Run the workflow and retrieve the summary:

result = executor.execute(workflow)
if result.is_success():
    print("Summary:", result.get_node_output("Summarizer"))
else:
    print("Workflow failed:", result.state())

Full Example¶

import requests
from graphbit import Node, Workflow, LlmConfig, Executor
import os
from dotenv import load_dotenv

# Load environment variables from .env file
load_dotenv()
GITHUB_TOKEN = os.getenv("GITHUB_TOKEN")
OPENAI_API_KEY = os.getenv("OPENAI_API_KEY")

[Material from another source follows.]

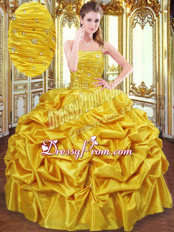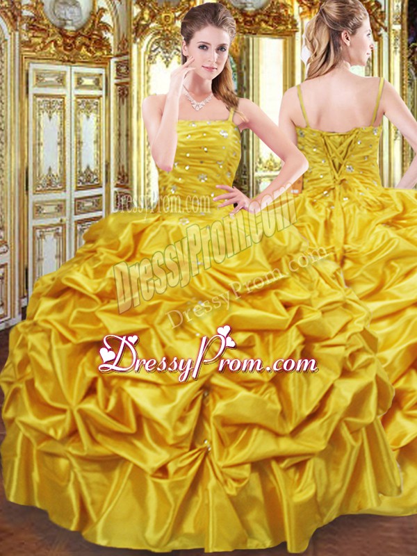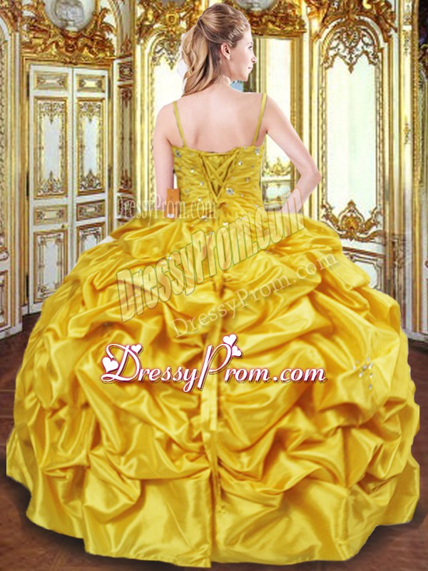 Neckline : Spaghetti strapsShown Color : GoldSilhouette : Ball GownsSleeve Length : sleevelessHemline : floor lengthBack Detail : Lace upFabric : TaffetaEmbellishment : Beading,Pick UpsOccasion : Military Ball,Sweet 16,QuinceaneraSeason : Spring,Summer,Fall,Winter

def github_search(query, sort="stars", order="desc", per_page=50):
    """
    Search GitHub repositories
    Args:
        query: Search query (e.g., "machine learning", "language:python stars:>1000")
        sort: Sort by 'stars', 'forks', 'help-wanted-issues', 'updated'
        order: 'asc' or 'desc'
        per_page: Number of results per page (max 100)

    Returns:
        dict: JSON response with search results
    """
    url = "https://api.github.com/search/repositories"

    if GITHUB_TOKEN:
        headers = {
            "Accept": "application/vnd.github.v3+json",
            "Authorization": f"token {GITHUB_TOKEN}",
        }
    else:
        headers = {
            "Accept": "application/vnd.github.v3+json",
        }

    params = {"q": query, "sort": sort, "order": order, "per_page": per_page}
    response = requests.get(url, headers=headers, params=params)
    response.raise_for_status()

    return response.json()

def process_search_results(results, max_snippets=10):
    items = results.get("items", [])[:max_snippets]
    snippets = [
        f"{item['title']} ({item['link']}): {item['snippet']}"
        for item in items
    ]
    return "\n\n".join(snippets)

search_results = github_search("python")
snippets_text = process_search_results(search_results, max_snippets=10)

agent = Node.agent(
    name="Summarizer",
    prompt=f"Summarize these search results: {snippets_text}"
)
workflow = Workflow("Github Search Workflow")
workflow.add_node(agent)

llm_config = LlmConfig.openai(OPENAI_API_KEY)
executor = Executor(llm_config)

result = executor.execute(workflow)
if result.is_success():
    print("Summary:", result.get_node_output("Summarizer"))
else:
    print("Workflow failed:", result.state())

This connector pattern enables you to seamlessly blend external web data into your AI workflows, orchestrated by Graphbit.